Yesterday, some big news dropped that the cannabis industry has anticipated since last summer. I take issue with some of the headlines, so here’s mine: “DEA Reportedly Agrees to Initiate Proposed Rulemaking to Reschedule Marijuana…”. Clearly, I’m a lawyer and not a reporter, but the “Reportedly” and “Initiate Proposed Rulemaking” are key considerations here at the Canna Law Blog.
How did we get here?
In October of 2022, President Biden requested that the Department of Health and Human Services (HHS) review marijuana’s placement on Schedule I of the Controlled Substances Act (CSA). HHS followed that directive, recommending on August 30, 2023, that marijuana be moved to Schedule III. My real-time analysis of what a Schedule III placement would mean can be found here. I’m not going to re-type much of that analysis today; but I stand by all of it, and I encourage you to click that link when you’re done.
What’s the next step?
I mentioned above that DEA “reportedly” has agreed to follow the HHS proposal. The very next step will be for DEA to confirm that reporting. We are likely to see a statement or press release, and a notice of proposed rulemaking should issue. Here’s an example of what that looks like, from a recent DEA rulemaking on prescribing controlled substances via telemedicine. I trot out that particular example because DEA received “a record 38,000 comments” on those proposed rules. In my estimation, the marijuana industry does more complaining than lobbying, but I’ll put the over/under on marijuana comments at 3x telemedicine.
How long will rulemaking take?
I don’t pretend to be an expert on the Administrative Procedure Act. I can safely say, though, that much of this depends on exactly what rule or rules DEA proposes, and when. Right now, it’s reported that DEA has a draft rule out to the Office of Management and Budget for review. That process can take up to 90 days.
Once the rule is published, please know that DEA may extend timelines as ostensibly needed. For example, in the telemedicine rubric above, DEA and a related agency extended a temporary set of rules for a six-month stretch while DEA waited to instate its proposed final rule (the one that drew so much interest). Finally, even if DEA attempts to move briskly, I’ve mentioned the possibility of litigation and challenges to rulemaking. Someone is likely to sue.

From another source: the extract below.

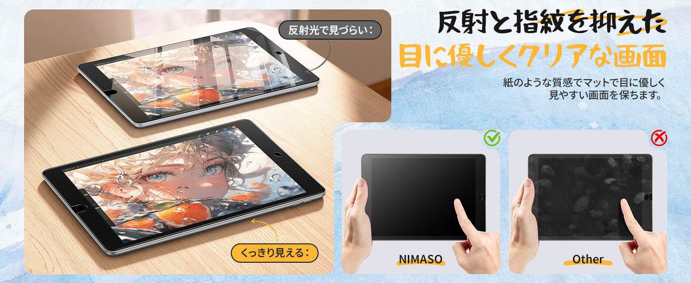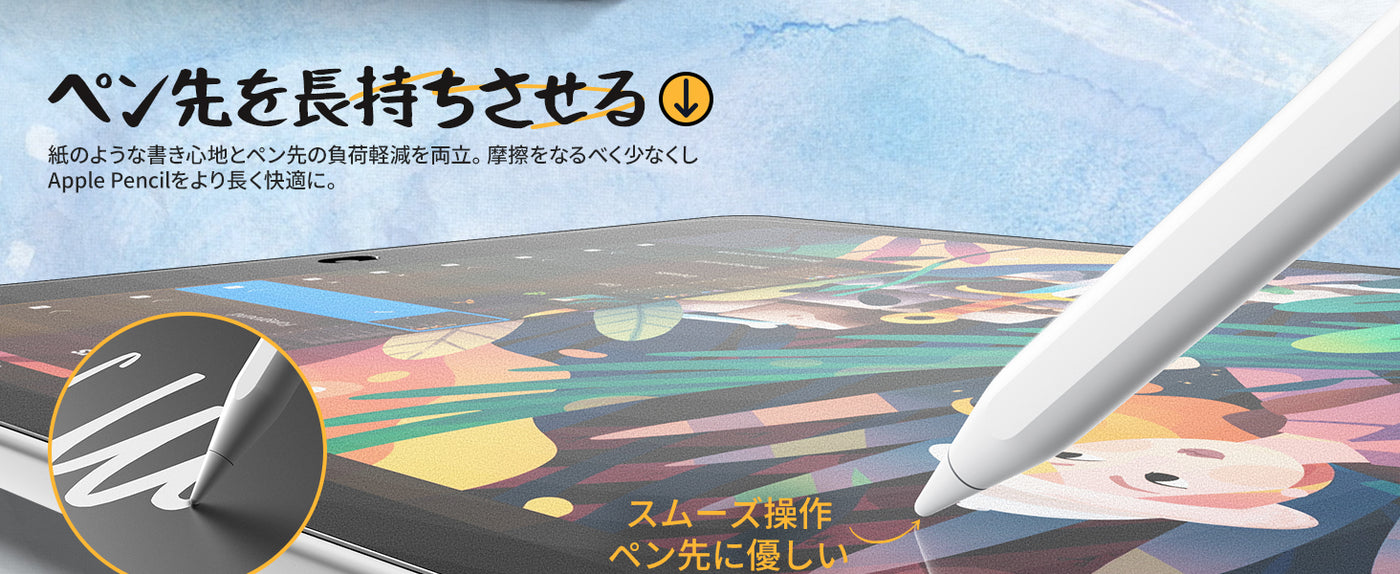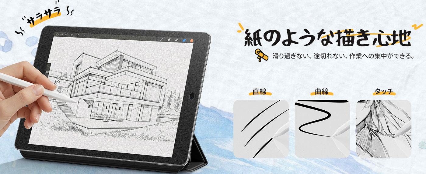 Apple Pencil 高感度タッチ / iPad ペーパーライク フィルム 薄型 / 指紋防止 フィルムとして快適です。

Are you saying rescheduling may not take effect before the Presidential election?
Yes I am. In fact I doubt cannabis will be on Schedule III by November. And by extension there is always a possibility, however remote, of DEA backtracking on this reported decision. A reversal along those lines would be legally problematic, for what it’s worth. The CSA is clear that while the DEA maintains final authority to reschedule marijuana, HHS’ recommendations “shall be binding … as to [] scientific and medical matters.” I do believe marijuana to Schedule III will happen.

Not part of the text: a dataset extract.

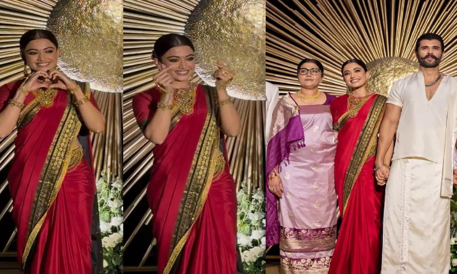 Much has been spoken, written and read about Rashmika Mandanna’s stunning look in a red Mysore silk saree with a black-gold border for her wedding reception at Hyderabad recently. While she wore a red sari, her husband Vijay Deverakonda wore an ivory white veshti with silver zari border, as they both complemented each other while maintaining distinct South Indian traditional styles.

What about the Office of Legal Counsel?
Don’t even ask.
What’s the biggest win for industry if/when marijuana moves to Schedule III?
It has got to be tax relief. Taxes all the way. I explained in my August 30 post why springing the vise of IRC § 280E won’t fully cure the tax headaches faced by cannabis businesses, and why cannabis businesses still won’t be taxed like other businesses on a Schedule III status. But, wow!, a lot of these companies are going to see better margins overnight. Many will also find relief from thinking so hard about dicey, new-fangled tax avoidance propositions.
What are some other cannabis law markers?
There are quite a few. A New York Times article from yesterday mentions, in passing, the possibility of “softening of other laws and regulations that account for the use or possession of cannabis, including sentencing guidelines, banking and access to public housing.” I agree with all of that. However, a move to Schedule III appears less helpful for other, businessy areas, e.g. bankruptcy, trademark.
What would this mean for state-legal cannabis markets?
I got this question from a client yesterday (Hey Tom!). The answer is, “not a lot.” This is because interstate commerce will still be verboten under Schedule III. Yes, the likelihood of federal enforcement against state-licensed marijuana businesses will decrease (from FDA, DEA, wherever); but enforcement probabilities are vanishingly low already– at least with respect to basic business activity. Again, I think the benefits of Schedule III will be more on the tax treatment side, which should lead to ancillary benefits, like lower costs of capital.
If marijuana goes to Schedule III, will it stick?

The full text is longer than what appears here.